Could you return all of the entries below exactly, minus the pictures?

:::

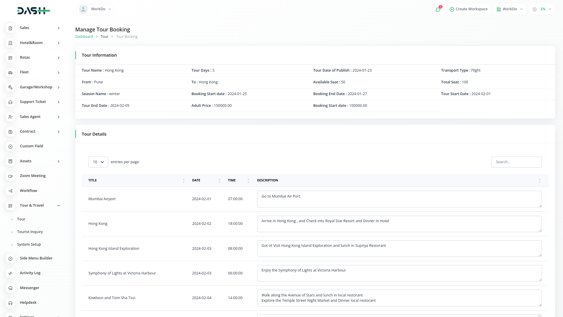 Embark on a seamless journey of travel management with Dash SaaS's Tours & Travels Module. This feature-rich tool empowers you to effortlessly create tours, monitor bookings, and manage payments, making your travel business a stress-free adventure.
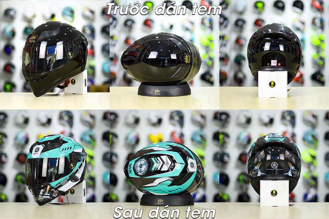Tiết kiệm ngay 120k khi mua combo mũ Fullface Royal M138b màu đen bóng, dán thêm tem decal cực độc tại Hebi.vn.
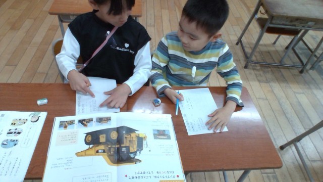 国語科「じどう車ずかんをつくろう」では、自分で選んだ自動車の「しごと」と「つくり」を確かめ、説明の順に気を付けて自動車図鑑を書きました。
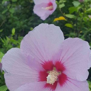 こんにちわ☺ 今日の2枚目 です😊。 こちらは、お散歩出会った可愛いむくげのお花 🌸です。恥じらっているような可憐さで⁉😊。 [木曜は木の花]に参加させてくださいね😊。
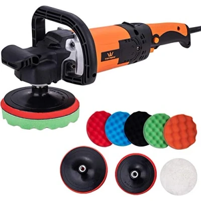 TOPWAY Car Polisher 1450W 150mm 180mm Electric Buffer Polishing Waxing Machine with 8PCs Sponge Wool Set, Variable Stable Speeds, Detailing Kit 100039
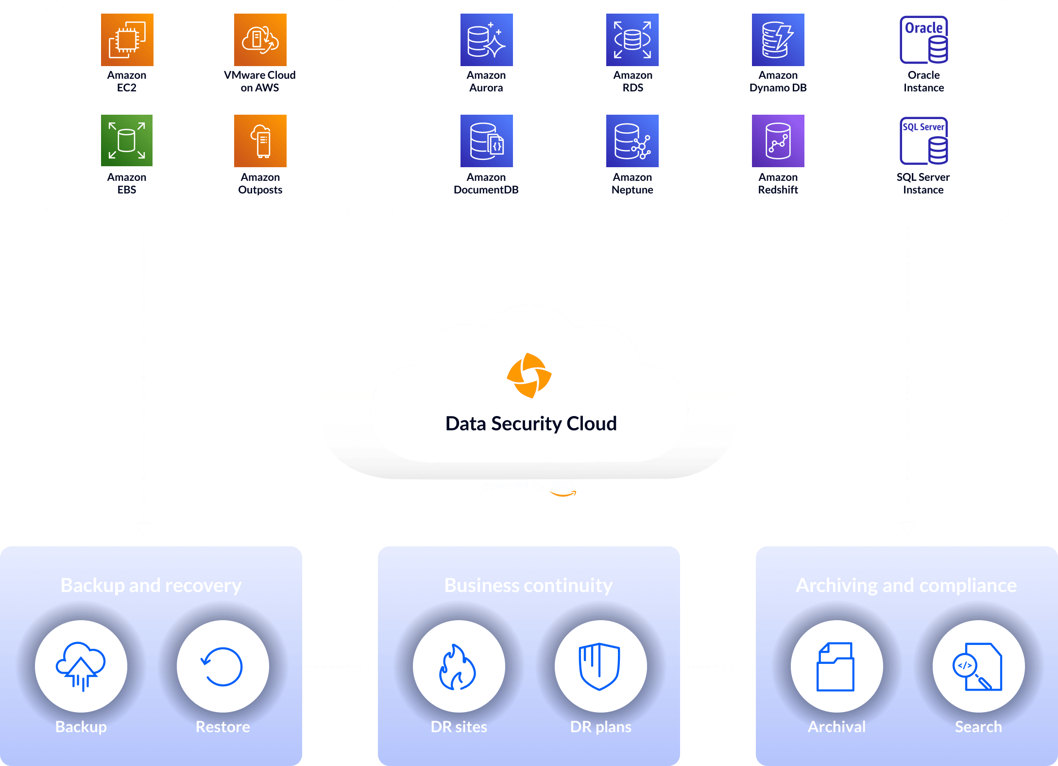 Get immutable, air-gapped backups with agentless protection for Amazon EC2, RDS, and S3. Gain built-in threat hunting, automated quarantine, data lock, anomaly detection, and cyber recovery intelligence.
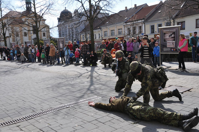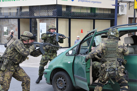 Ukázka zadržení podezřelé osoby se zbraní v podání příslušníků 121. pěší roty aktivní zálohy
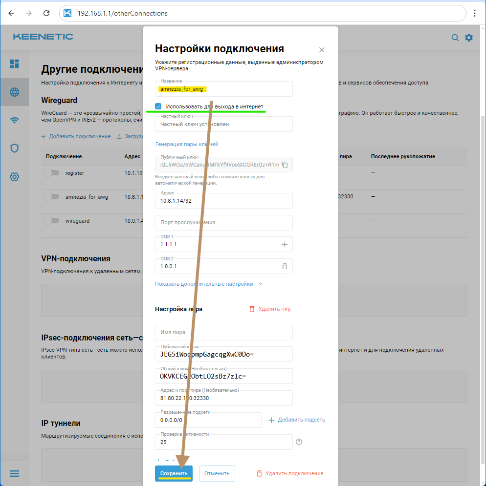 Далее для политики с названием VPN установите чек-бокс активности только на ранее созданном подключении (в данном примере amnezia_for_awg) и нажмите кнопку Сохранить внизу страницы.
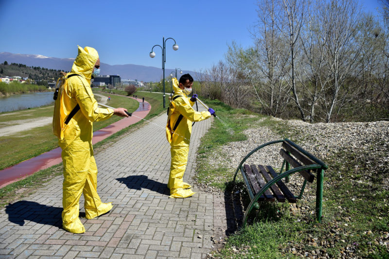 Во текот на изминатиов период ЈП „Комунална хигиена“ секојдневно спроведува машинско миење со автоцистерни и дезинфекција на поголемите улици и булевари во сите скопски општини, како и рачно миење и дезинфекција на најфреквентните јавни површини во централното градско подрачје.
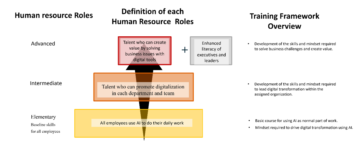 Going forward, we will further enhance the digital skills of our employees as part of our efforts to strengthen our digital infrastructure under the KDV2035. Based on the Digital Skill Standards Ver 1.2*2 defined by the Ministry of Economy, Trade and Industry, the human resource roles required for the Kirin Group are defined as: “Advanced: Talent who can create value by solving business issues with digital tools,” “Intermediate: Talent who can promote digitalization in each department and team” and “Elementary: Talent with baseline skills for all employees.” The training and development system is based on the roles required.
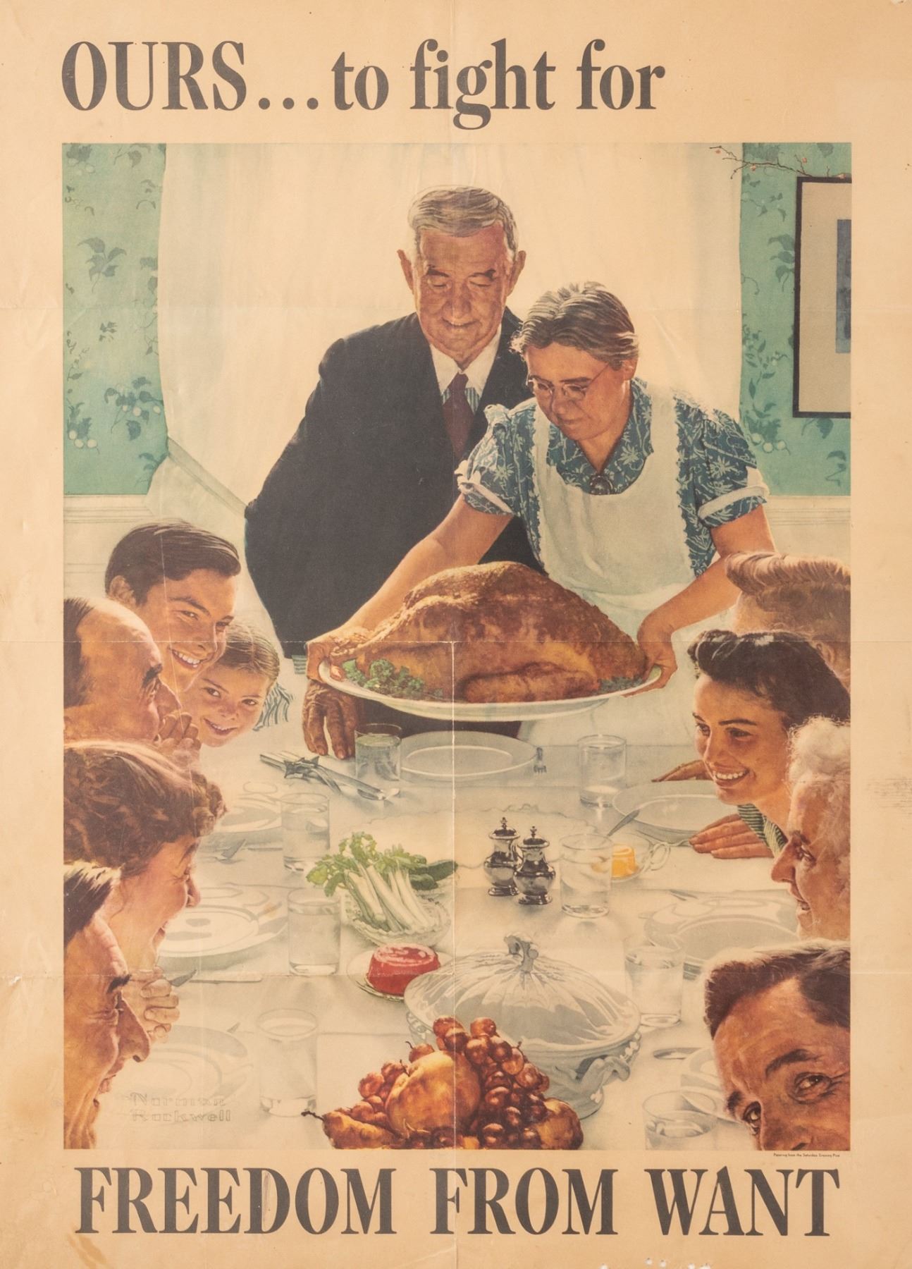 Norman Rockwell Four Freedoms poster 'Ours...to fight for - Freedom from Want', by Norman Rockwell (1894-1978), OWI Poster No. 45, U.S. Government Printing Office 1943-O-511886, 28 x 20 inches. Mailing folds. Tack holes in corners with a few punched holes on bottom edge.
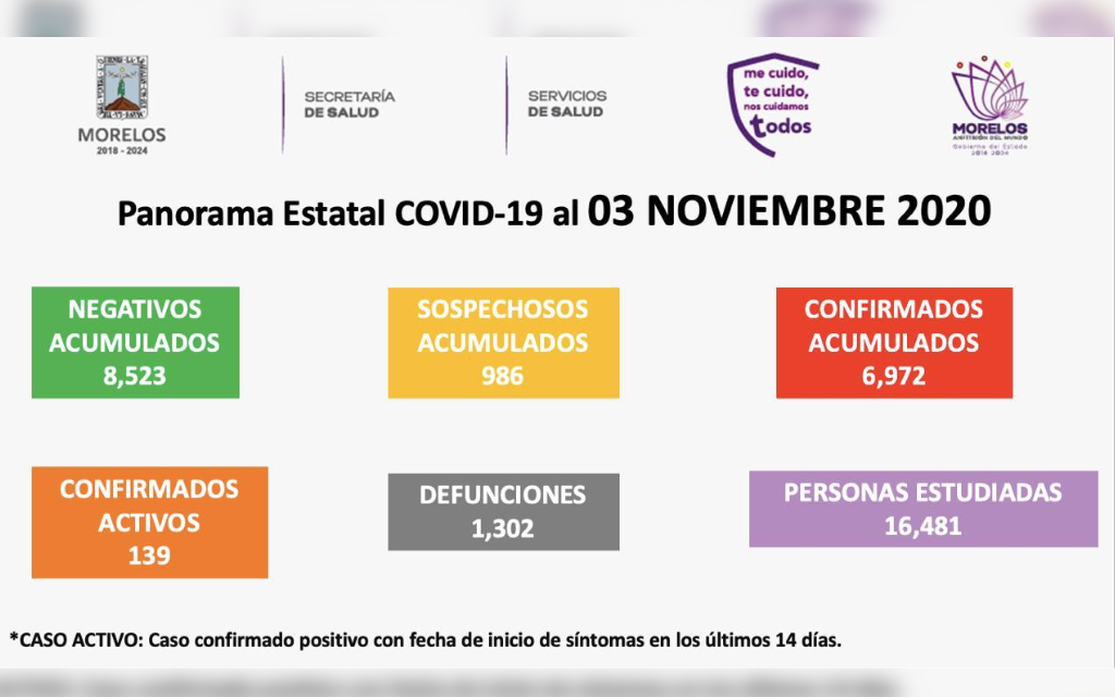 También dio a conocer que a través del proyecto Pruebas Covid en tu Comunidad se han tomado 1 mil 75 muestras, de las cuales 42 han salido positivas en los municipios de Amacuzac, Atlatlahucan, Ayala, Cuautla, Cuernavaca, Huitzilac, Jiutepec, Jojutla, Jonacatepec, Miacatlán, Puente de Ixtla, Temixco, Tepalcingo, Tepoztlán, Tetela del Volcán, Tlaquiltenango, Xochitepec, Yautepec y Yecapixtla.

:::

* FINAL ANSWER *
 Embark on a seamless journey of travel management with Dash SaaS's Tours & Travels Module. This feature-rich tool empowers you to effortlessly create tours, monitor bookings, and manage payments, making your travel business a stress-free adventure.
Tiết kiệm ngay 120k khi mua combo mũ Fullface Royal M138b màu đen bóng, dán thêm tem decal cực độc tại Hebi.vn.
 国語科「じどう車ずかんをつくろう」では、自分で選んだ自動車の「しごと」と「つくり」を確かめ、説明の順に気を付けて自動車図鑑を書きました。
 こんにちわ☺ 今日の2枚目 です😊。 こちらは、お散歩出会った可愛いむくげのお花 🌸です。恥じらっているような可憐さで⁉😊。 [木曜は木の花]に参加させてくださいね😊。
 TOPWAY Car Polisher 1450W 150mm 180mm Electric Buffer Polishing Waxing Machine with 8PCs Sponge Wool Set, Variable Stable Speeds, Detailing Kit 100039
 Get immutable, air-gapped backups with agentless protection for Amazon EC2, RDS, and S3. Gain built-in threat hunting, automated quarantine, data lock, anomaly detection, and cyber recovery intelligence.
 Ukázka zadržení podezřelé osoby se zbraní v podání příslušníků 121. pěší roty aktivní zálohy
 Далее для политики с названием VPN установите чек-бокс активности только на ранее созданном подключении (в данном примере amnezia_for_awg) и нажмите кнопку Сохранить внизу страницы.
 Во текот на изминатиов период ЈП „Комунална хигиена“ секојдневно спроведува машинско миење со автоцистерни и дезинфекција на поголемите улици и булевари во сите скопски општини, како и рачно миење и дезинфекција на најфреквентните јавни површини во централното градско подрачје.
 Going forward, we will further enhance the digital skills of our employees as part of our efforts to strengthen our digital infrastructure under the KDV2035. Based on the Digital Skill Standards Ver 1.2*2 defined by the Ministry of Economy, Trade and Industry, the human resource roles required for the Kirin Group are defined as: “Advanced: Talent who can create value by solving business issues with digital tools,” “Intermediate: Talent who can promote digitalization in each department and team” and “Elementary: Talent with baseline skills for all employees.” The training and development system is based on the roles required.
 Norman Rockwell Four Freedoms poster 'Ours...to fight for - Freedom from Want', by Norman Rockwell (1894-1978), OWI Poster No. 45, U.S. Government Printing Office 1943-O-511886, 28 x 20 inches. Mailing folds. Tack holes in corners with a few punched holes on bottom edge.
 También dio a conocer que a través del proyecto Pruebas Covid en tu Comunidad se han tomado 1 mil 75 muestras, de las cuales 42 han salido positivas en los municipios de Amacuzac, Atlatlahucan, Ayala, Cuautla, Cuernavaca, Huitzilac, Jiutepec, Jojutla, Jonacatepec, Miacatlán, Puente de Ixtla, Temixco, Tepalcingo, Tepoztlán, Tetela del Volcán, Tlaquiltenango, Xochitepec, Yautepec y Yecapixtla.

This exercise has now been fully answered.